Project Details

Jazyková paměť regionů České republiky. Metody strojového učení pro uchování, dokumentaci a prezentaci nářečí českého jazyka

Project Period: 1. 3. 2023 – 31. 12. 2027

Project Type: grant

Code: DH23P03OVV010

Agency: Ministerstvo kultury ČR

Program: NAKI III – program na podporu aplikovaného výzkumu v oblasti národní a kulturní identity na léta 2023 až 2030

English title

Language memory of the regions of the Czech Republic. Machine learning methods for preservation, documentation and presentation of the dialects of the Czech language

Type

grant

Keywords

Czech language, dialects, dialectology, artificial intelligence, speech and
language data, automatic dialect identification, automatic speech recognition,
interactive maps, language memory of regions

Abstract

Language is a fundamental connecting element of every nation and its territorial
dialects are an important part of regional identity. In the modern world,
dialects are gradually disappearing, their variability is diminishing and they
are gradually assimilating into the language represented by the mainstream media
and the Internet. Due to the significant costs of acquiring and annotating
training language data, the dialects have virtually zero support in modern
artificial intelligence (AI) and machine learning (ML) technologies, represented
mainly by automatic speech recognition (ASR). In Czechia, the dialectology
department of the Czech Academy of Sciences, Czech Language Institute (ÚJČ AV ČR)
is systematically engaged in research of colloquial phenomena of the Czech
national language, is dedicated to the study of dialects. However, ÚJČ lacks any
modern technology for automatic processing, storage, documentation and
presentation of dialects. Also, the outputs of the dialectology department are
available primarily to the scientific community; there is a lack of modern
interactive web applications or services that could be used by the general
public. The project, proposed by ASR specialists (BUT), dialectologists (ÚJČ) and
interactive map imaging experts (UPOL), aims to adapt existing technologies and
develop new procedures for automatic processing, storage, documentation and
presentation of Czech language dialects. A detailed methodology for the transfer
of structured knowledge from dialectology to machine learning (where work with
data is dominant) will be developed. The existing Archive of Sound Recordings of
Dialect Speech (built in ÚJČ from 1952 to the present and containing over 750
hours of recordings) will be supplemented with metadata and prepared for machine
learning.

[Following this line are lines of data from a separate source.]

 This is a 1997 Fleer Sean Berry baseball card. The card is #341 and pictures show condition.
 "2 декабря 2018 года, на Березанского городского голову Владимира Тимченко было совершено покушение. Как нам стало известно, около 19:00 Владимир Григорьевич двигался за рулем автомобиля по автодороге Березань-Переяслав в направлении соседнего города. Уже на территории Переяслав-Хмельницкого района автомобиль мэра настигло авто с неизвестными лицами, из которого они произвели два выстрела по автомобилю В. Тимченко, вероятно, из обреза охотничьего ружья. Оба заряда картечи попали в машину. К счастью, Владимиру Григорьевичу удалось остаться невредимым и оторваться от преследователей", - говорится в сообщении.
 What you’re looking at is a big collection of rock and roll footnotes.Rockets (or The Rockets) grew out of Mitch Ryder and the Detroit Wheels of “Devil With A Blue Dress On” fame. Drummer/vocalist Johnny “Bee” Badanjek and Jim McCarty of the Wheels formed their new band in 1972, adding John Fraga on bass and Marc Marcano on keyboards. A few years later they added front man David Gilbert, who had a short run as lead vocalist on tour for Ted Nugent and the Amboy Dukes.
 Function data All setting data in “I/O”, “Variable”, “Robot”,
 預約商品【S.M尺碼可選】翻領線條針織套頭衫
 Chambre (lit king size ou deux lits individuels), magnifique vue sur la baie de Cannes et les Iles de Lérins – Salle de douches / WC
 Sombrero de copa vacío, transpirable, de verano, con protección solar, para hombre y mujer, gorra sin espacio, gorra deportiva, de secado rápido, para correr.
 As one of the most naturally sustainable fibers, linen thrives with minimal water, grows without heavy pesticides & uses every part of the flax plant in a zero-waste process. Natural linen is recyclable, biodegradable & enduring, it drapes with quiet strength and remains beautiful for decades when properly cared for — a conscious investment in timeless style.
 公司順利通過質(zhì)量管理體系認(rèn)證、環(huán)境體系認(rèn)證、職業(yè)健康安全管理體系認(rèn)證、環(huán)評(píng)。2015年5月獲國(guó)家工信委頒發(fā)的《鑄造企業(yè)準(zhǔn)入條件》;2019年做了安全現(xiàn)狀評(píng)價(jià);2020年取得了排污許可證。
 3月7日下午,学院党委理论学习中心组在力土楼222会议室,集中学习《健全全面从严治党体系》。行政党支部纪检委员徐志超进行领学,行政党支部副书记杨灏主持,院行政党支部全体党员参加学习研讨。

As a prerequisite, we will develop software for dialect detection based
on audio recording.

Team members

Karafiát Martin, Ing., Ph.D. (DCGM) – research leader
Kocour Martin, Ing. (DCGM)
Kotolan Martin (DFIT-ISD)
Plchot Oldřich, Ing., Ph.D. (DCGM)
Sedláček Šimon, Ing. (DCGM)
Yusuf Bolaji (DCGM)
Žižka Josef, Ing. (DCGM)

Publications

2024

BENEŠ, K.; KOCOUR, M.; BURGET, L. Hystoc: Obtaining Word Confidences for Fusion of End-To-End ASR Systems. In ICASSP, IEEE International Conference on Acoustics, Speech and Signal Processing - Proceedings. Seoul: IEEE Signal Processing Society, 2024. p. 11276-11280. ISBN: 979-8-3503-4485-1. Detail

2023

MATĚJKA, P.; SILNOVA, A.; SLAVÍČEK, J.; MOŠNER, L.; PLCHOT, O.; KLČO, M.; PENG, J.; STAFYLAKIS, T.; BURGET, L. Description and Analysis of ABC Submission to NIST LRE 2022. In Proceedings of the Annual Conference of the International Speech Communication Association, INTERSPEECH. Proceedings of Interspeech. Dublin: International Speech Communication Association, 2023. p. 511-515. ISSN: 1990-9772. Detail

Products

2025

Methodology for Transferring Structured Knowledge from Dialectology into Machine Learning, realized certified methodology, 2025
Authors: ŠIMEČKOVÁ, M.; STUPŇÁNEK, B.; KARAFIÁT, M.; VONDRÁKOVÁ, A.; VOŽENÍLEK, V.; NÉTEK, R.

2024

Automatic Dialect Detector Based on Audio Recording, software, 2024
Authors: PLCHOT, O.; ODEHNAL, O.; KARAFIÁT, M.; ŽIŽKA, J.; ŠIMEČKOVÁ, M.